The 32-bit Advantage

There are several ways in which the STM32 F0 lowers product cost compared to 8- and 16-bit-based designs. Specifically, because these MCUs tend to be based on legacy architectures, they have many limitations that slow development by forcing designers to work around the architecture, so to speak. For example, to complete a 16 x 16 multiplication for a processing algorithm, a 16-bit CPU requires four multiplies and several additions, depending upon the implementation. An 8-bit CPU would require significantly more cycles. With the STM32 F0, this takes a single instruction.

The result is code that makes better utilization of MCU resources, leading to faster operation, more performance per MHz, higher code density, and greater power efficiency. Since each instruction does more per clock cycle, applications can be written using less code. In addition to accelerating development, shorter code is easier to debug as well. Together, all of these benefits lead to lower system cost.

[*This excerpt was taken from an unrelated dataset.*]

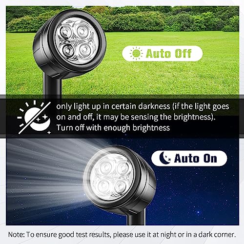 【NOTA-Sensore di luce】 Con il sensore di luce, il faretto da giardino si accenderà automaticamente di notte e si spegnerà all'alba. Si illumina solo in una certa oscurità (se la luce non si accende, potrebbe rilevare la luminosità). Per garantire buoni risultati del test, utilizzalo di notte o in un angolo buio.

Cost, however, is only one of the numerous advantages the STM32 F0 has over 8- and 16- bit architectures. The STM32 F0 is a full embedded MCU built using the same STM32 DNA that the rest of the STM32 family has, including excellent real-time performance, DMA, high-resolution ADC and DAC peripherals, motor control timers, and connectivity interfaces. These integrated capabilities bring tremendous efficiency to cost-sensitive designs in a way that limited 8- and 16-bit MCU architectures cannot (see Figure 1).

Image listing the STM32 F0 Series' key features.
It is a full embedded MCU built using the same STM32 DNA that the rest of the STM32 family has and offers tremendous
efficiency to cost-sensitive designs in a way that limited 8- and 16-bit MCU architectures cannot

For example, the availability of a 32-bit bus not only speeds data transfers and increases computing performance, it improves system reliability. Consider the challenge of reading a 12-bit DAC using an 8-bit bus where the CPU has to read the DAC twice to capture the entire sample. If an interrupt occurs between these reads, the DAC data may be overwritten by the next sample before the interrupt is completed and the second read can be executed. To prevent this, developers have to manually disable interrupts for every such "atomic" operation in an application. If even one instance is missed, this creates a potential for an intermittent error that will be extremely difficult to resolve.

DMA: Moving Data Efficiently

The STM32 F0 is a modern architecture integrating the latest in processing, power, and debugging technology. For example, multiple low power modes extend greater control over power consumption to achieve longer operating life for battery-operated and portable devices. In addition, the STM32 F0 offers advanced features, including full Direct Memory Access (DMA) and the ability to shut down the ADC between samples to further increase performance while lowering power consumption.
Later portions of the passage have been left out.